The Logical Domains Manager package adds the following predefined rights profiles to the local rights configuration. These rights profiles delegate administrative privileges to unprivileged users:
The LDoms Management profile permits a user to use all ldm subcommands.
The LDoms Review profile permits a user to use all list-related ldm subcommands.
The LDoms Consoles profile permits a user to connect to all domain consoles.
These rights profiles can be assigned directly to users or to a role that is then assigned to users. When one of these profiles is assigned directly to a user, you must use the pfexec command or a profile shell, such as pfbash or pfksh, to successfully use the ldm command to manage your domains. Determine whether to use roles or rights profiles based on your rights configuration. See System Administration Guide: Security Services or Securing Users and Processes in Oracle Solaris 11.4.
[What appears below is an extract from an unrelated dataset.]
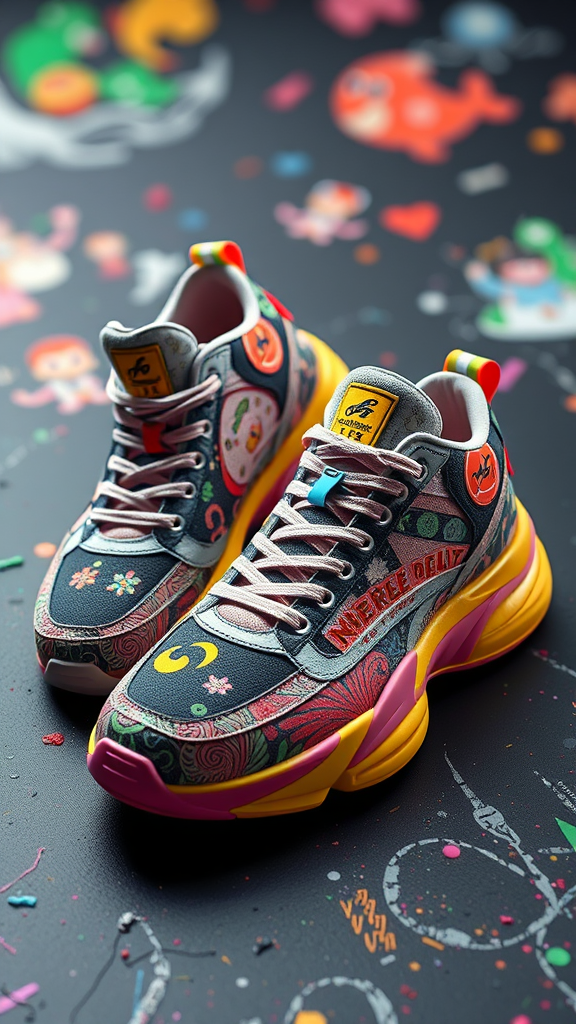 Sneakers inspired by Takashi Murakami, featuring elaborate high-detail textures, 3D rendering, crafted in unreal engine, octane render for cinematic illumination, 8k resolution, vibrant color palette, dynamic design elements, and artistic flair.

Users, authorizations, rights profiles, and roles can be configured in the following ways:
Locally on the system by using files
Centrally in a naming service, such as LDAP
Installing the Logical Domains Manager adds the necessary rights profiles to the local files. To configure profiles and roles in a naming service, see System Administration Guide: Naming and Directory Services (DNS, NIS, and LDAP). For an overview of the authorizations and execution attributes delivered by the Logical Domains Manager package, see Logical Domains Manager Profile Contents. All of the examples in this chapter assume that the rights configuration uses local files.